Making a choice between LTE or WiMAX
Wednesday, May 12th, 2010 Marcio Avillez, VP Network OfferingsOn Tuesday, I talked started to talk about “The 4G Faux Choice,” and wanted to continue on what you should do.
IMHO, given that there won’t be immediate national coverage on either LTE nor WiMAX, the choice should be made on the basis of which carrier has the geographic coverage that best fits your enterprise mobility needs for the period you are committing to. I recommend the following approach for companies with US-based mobile employees:
- Pick the carrier who’s coverage matches up best today and in the coming year with where your mobile employees will need the service
- Feel free to mix and match carriers and also consider WiFi as an option until 4G becomes ubiquitous in the US
- Go ahead and commit to a 2-year deal, knowing that you will likely have true competition between carriers in 2013 and that you will, in all likelihood, benefit from the fact that you will continue to have some leverage.
- I would consider carefully 3-year commits with a carrier, as 2013 could be an inflexion point as it relates to service pricing, performance, availability and device support
- The Clearwire network architecture will support a move to LTE. I expect that Clear will make that decision in the next 1-2 years if a dearth of WiMAX devices ensues, or if the devices become too expensive, or if they fall behind LTE devices in terms features/performance.
- If Sprint/Clear have the best footprint, so don’t be afraid to consider them.
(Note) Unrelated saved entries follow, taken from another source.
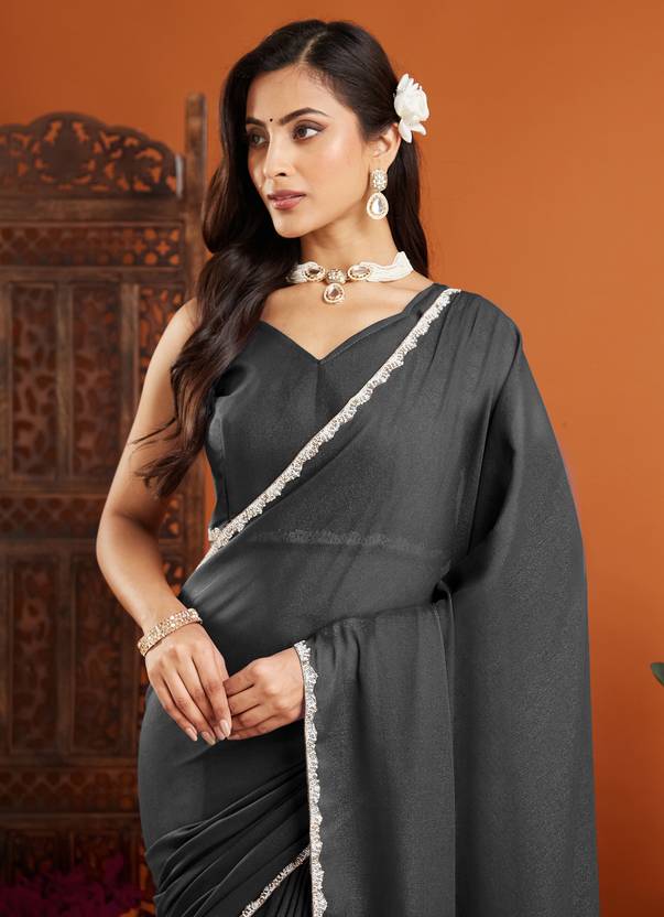 Fabric: Pure Silk, Saree Length: 5.5 metres, Blouse Piece: 0.8 metres (Unstitched), Work / Design: Sparkling Beads & Stone Embroidery, Pattern: Plain Solid with Chic Finish, Occasion: Parties / Weddings / Festive Events, Package Includes: Saree + Blouse Piece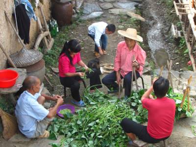 多余薯叶变钞票(通讯员:柯常武单位:十堰市郧县安阳镇政府邮编:442515电话:15571900508)8月29日下午,郧县安阳镇西堰村的一户农民正在摘红薯叶。近期,受洪灾等因素影响,郧县蔬菜减产,菜价飞涨,许多农民将地里过密的红薯藤剪回,摘下叶子到菜市去卖,每斤可卖到1.5元以上,为家里增收不少。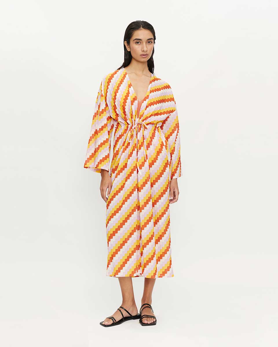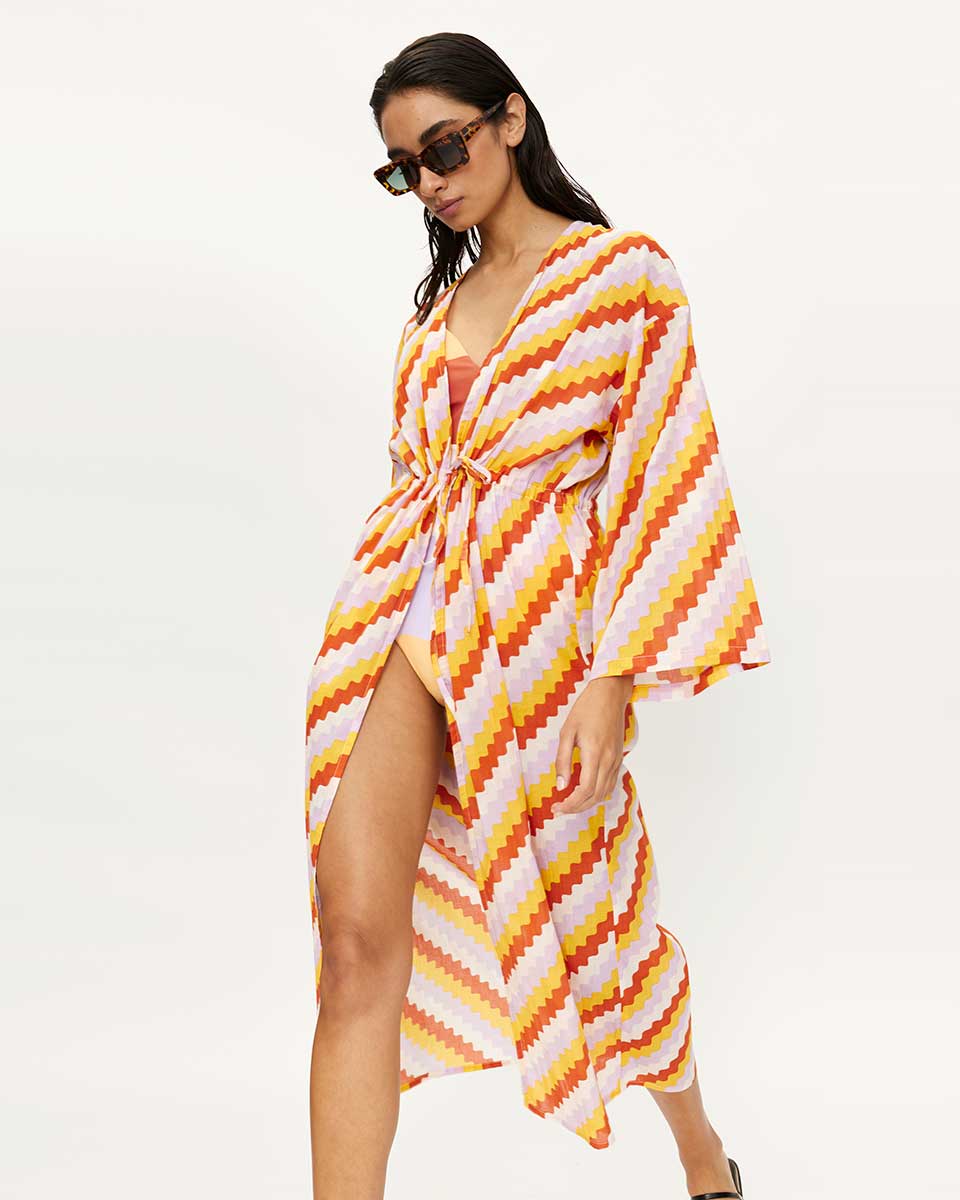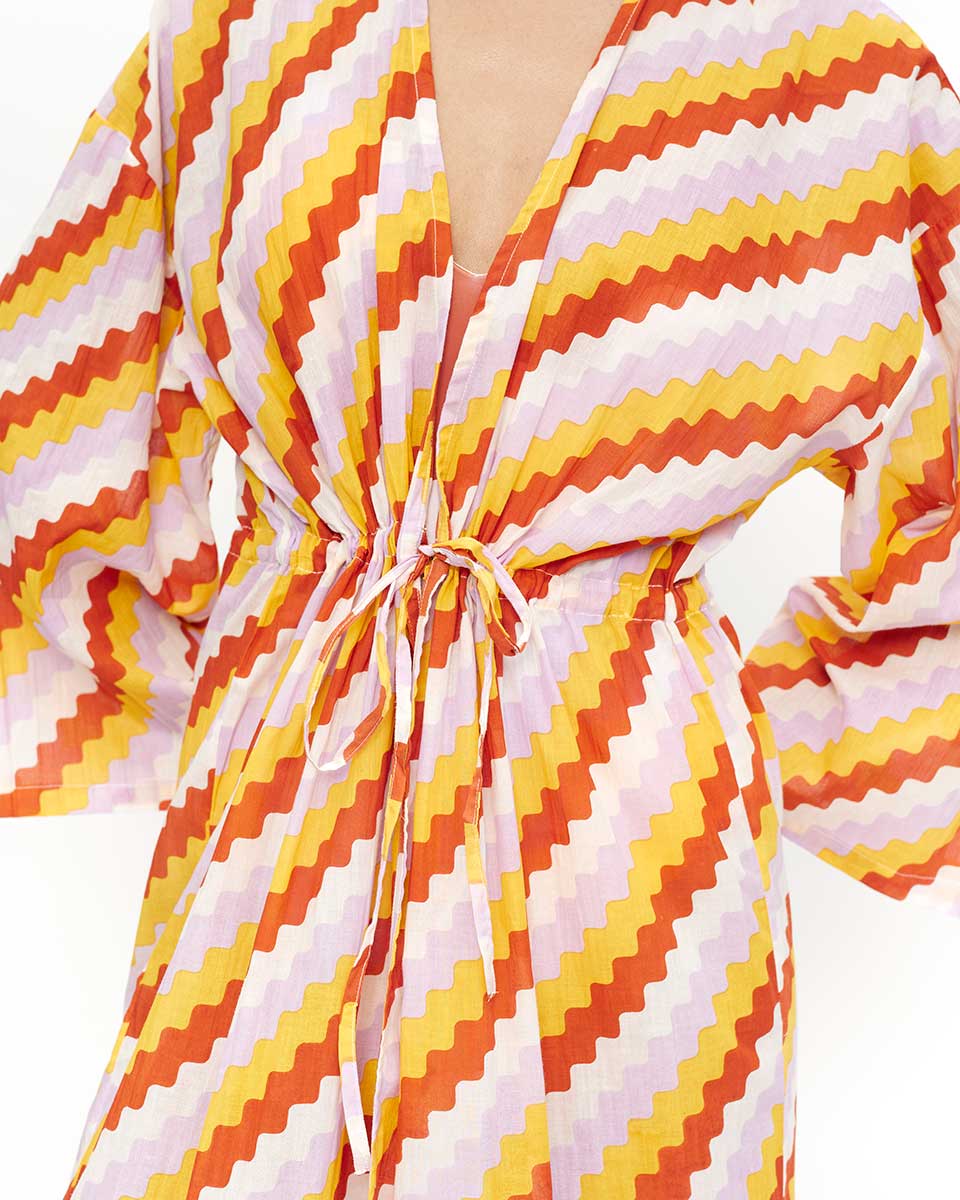 Μακρύ φόρεμα-κιμονό από λεπτό βαμβακερό ύφασμα.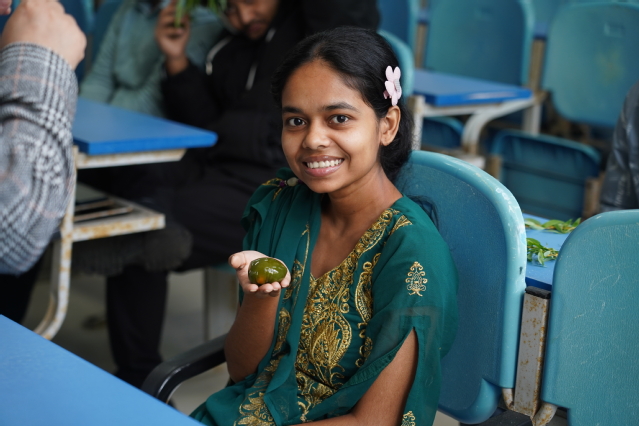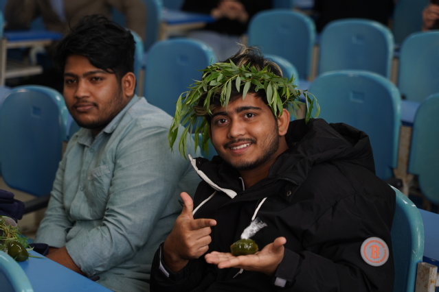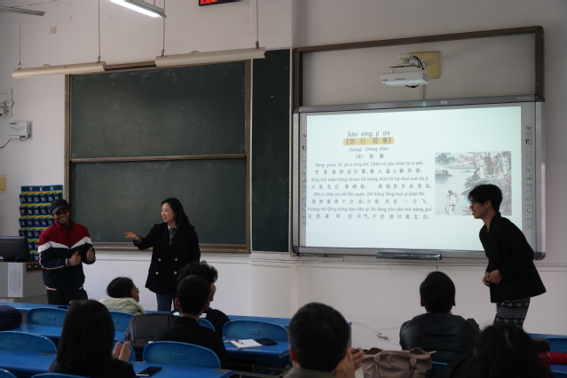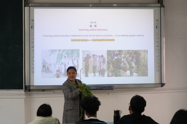 在传统文化分享阶段,邓春梅以“走近清明 感悟传统”为题,分享了清明节的由来、历史典故以及节日习俗等传统文化知识,并现场指导留学生代表演示清明插柳的节日习俗。在经典诗词赏析阶段,伏斐赏析并诵读唐朝诗人杜牧的作品《清明》;龚渝婷与老挝留学生阿龙和孟加拉国留学生王旭一起诵读北宋教育家、诗人程颢的代表作《郊行即事》;蔡德都和牟莉共同诵读明朝文学家、诗人瞿佑的代表作《清明即事》。最后,王娟带领全体师生诵读了南宋著名诗人陆游的佳作《春日》。伴随着悠扬的中国古典音乐,老师们为留学生逐一分发清明传统糕点—青团,大家在品尝中华美食、感受中国传统文化的过程中纷纷相约“走进春天,拥抱自然”。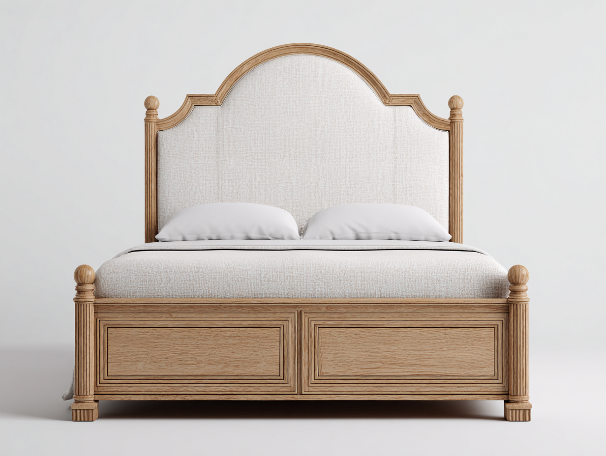 Camas dobles madera con cabecero tapizado 200x160x120 cm roble claro para dormitorio estilo clásico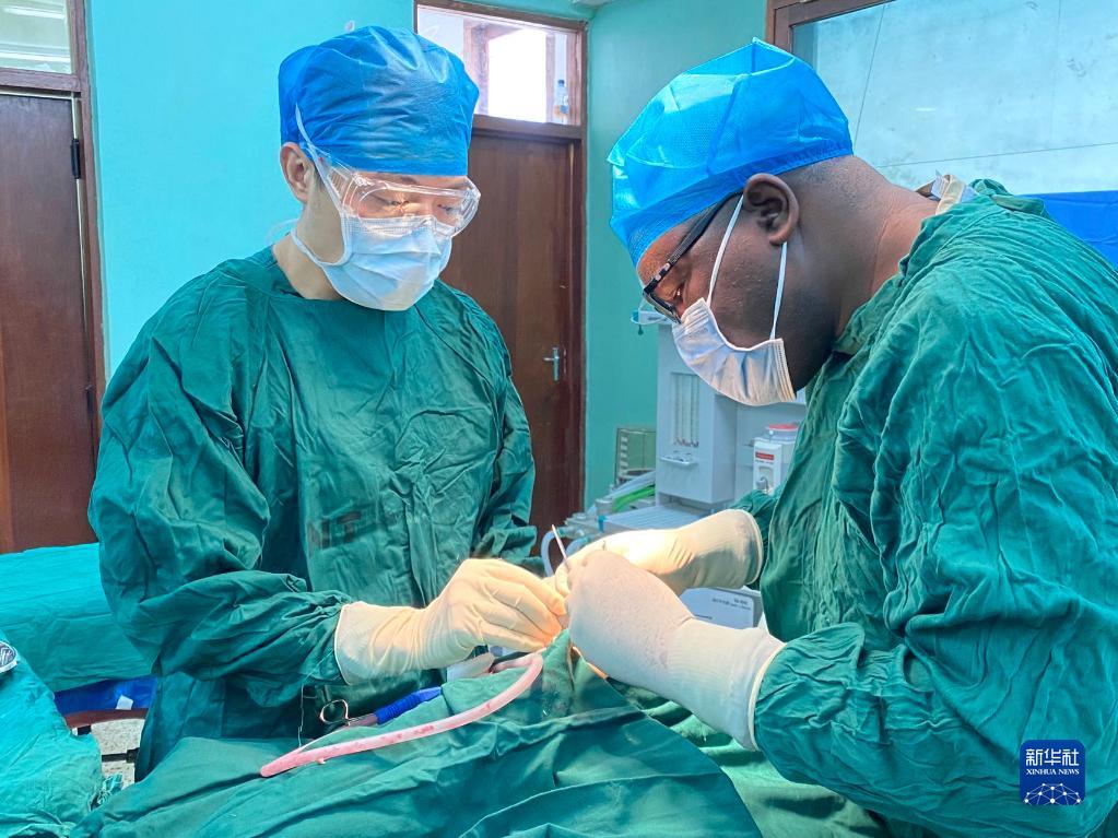 3月31日,在坦桑尼亚桑给巴尔,医疗队口腔外科医生徐克(左)和当地助手为先天性唇腭裂患儿实施手术。新华社发(中国医疗队供图)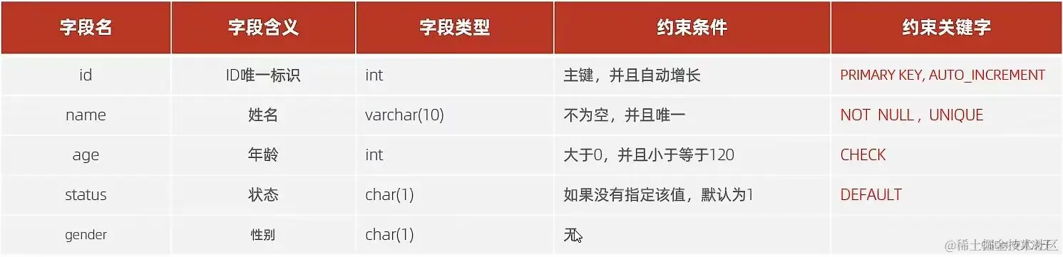 4、注意: 约束是作用表中字段上的,可以在创建表 / 修改表时候添加约束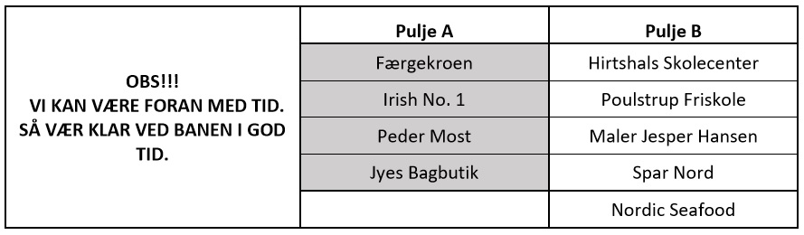 – Vi glæder os til at se jer alle, gode og såvel knap så gode spillere, til en lørdag med masser af god fodboldunderholdning, til fordel for ungdomsarbejdet i Hirtshals Boldklub, slutter arrangørerne hos Hirtshals Boldklub.

The biggest difference between the two networks is how much Verizon Wireless is spending on marketing the quality of their network, rather than the actual reach or quality of their networks. Both carriers will more than meet the enterprises mobile network performance expectations.
There is no wrong choice between LTE and WiMAX; enterprises can win under either scenario. There are plenty of questions that you’ll need to answer while developing a well-thought-out enterprise mobility approach. However, which standard wins out in a 4G world shouldn’t be one of them. Let the carriers figure that out.
The real question is: Who can serve my needs today and over the course of the next 2-3 years from a geographic coverage perspective?
Tags: 4G network, LTE, WiMAX





LTE will prevail but don’t count Sprint/Clear out. They have get spectrum coverage and first mover advantage. As pointed out, they will probably move to LTE eventually.
Wimax does not allow for email, internet or IM and talking at the same time. It is a substandard option for an enterprise. The world is going LTE.